* THE DATA:
# # # # # # #

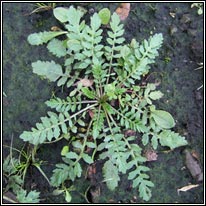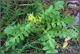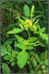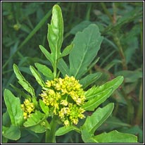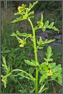 Marsh Yellow-cress Small pale-yellow flowers, petals equal or shorter than sepals. Fruit more/less equal to stalk, swollen, curved, contracted into short style. Shorter than fruit of Creeping Yellow-cress (R.sylvestris). Lower leaves pinnately-lobed, toothed lobes, hairless. Stem leaves unstalked. Height: to 50cm. Habitat: Damp, bare ground, winter-flooded. Colonist of wetland sites. Also damp paths, tracks. Found throughout Ireland. Native.
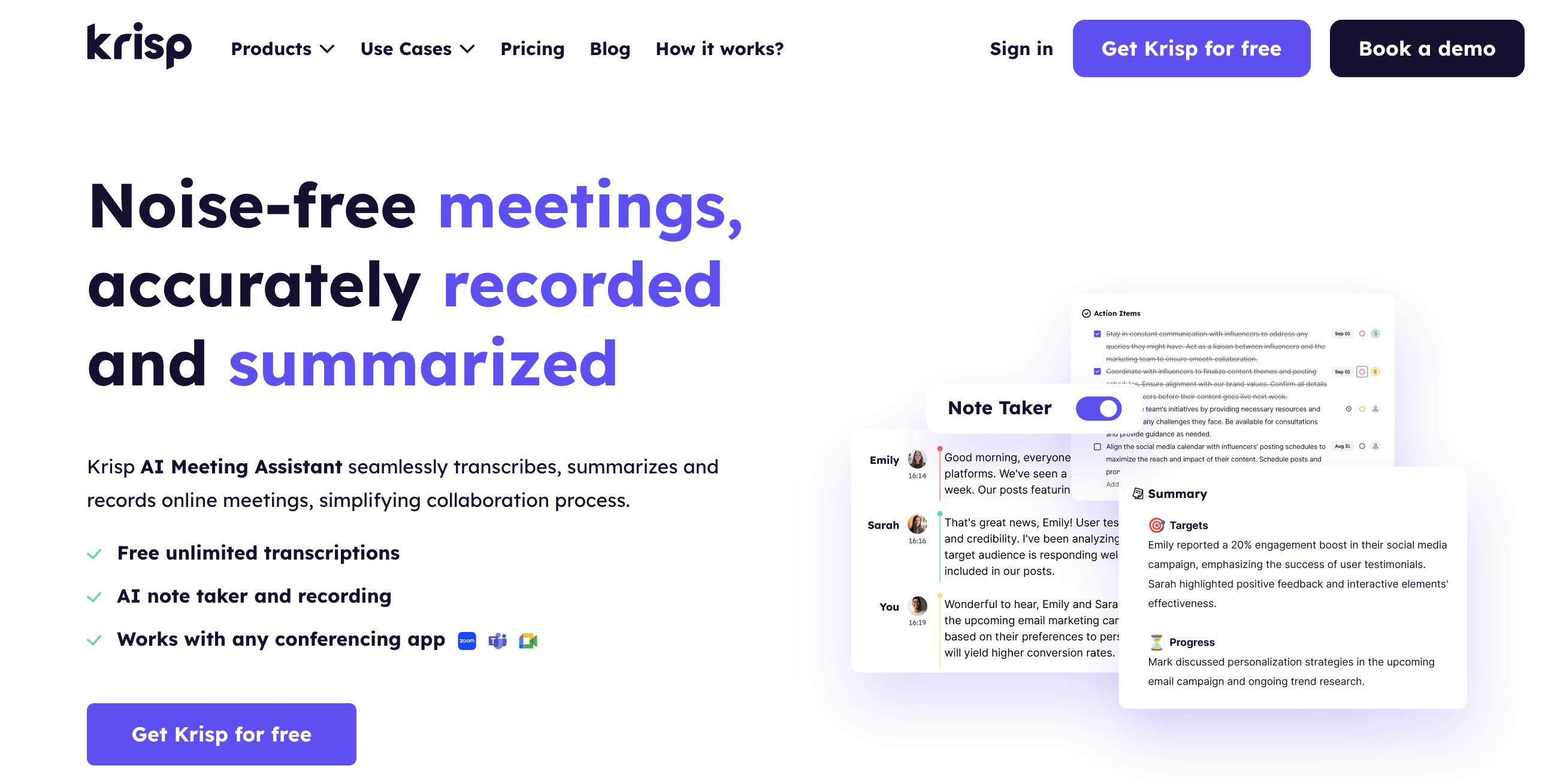 Krisp AI Meeting Assistant is the all-in-one tool that makes these features instantly available. This builds trust, as everyone feels included and up-to-date. With all the information in one place, team members are ready to join discussions and make informed decisions, leading to better collaboration overall.
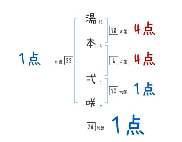 天運![]() | 湯本弌咲さんの天運は18画の4つ星!情熱的で剛気。忍耐力があり信頼される。 家系が持つ宿命的な運勢を表します。祖先から受け継いだ苗字ですので自分の力が及びません。家柄を象徴します。 |

# # # # # # #

* YOUR INSTRUCTIONS:
Before handing back the copy, remove the pictures; otherwise print the data exactly.

* RESULT:
 Marsh Yellow-cress Small pale-yellow flowers, petals equal or shorter than sepals. Fruit more/less equal to stalk, swollen, curved, contracted into short style. Shorter than fruit of Creeping Yellow-cress (R.sylvestris). Lower leaves pinnately-lobed, toothed lobes, hairless. Stem leaves unstalked. Height: to 50cm. Habitat: Damp, bare ground, winter-flooded. Colonist of wetland sites. Also damp paths, tracks. Found throughout Ireland. Native.
 Krisp AI Meeting Assistant is the all-in-one tool that makes these features instantly available. This builds trust, as everyone feels included and up-to-date. With all the information in one place, team members are ready to join discussions and make informed decisions, leading to better collaboration overall.
 天運![]() | 湯本弌咲さんの天運は18画の4つ星!情熱的で剛気。忍耐力があり信頼される。 家系が持つ宿命的な運勢を表します。祖先から受け継いだ苗字ですので自分の力が及びません。家柄を象徴します。 |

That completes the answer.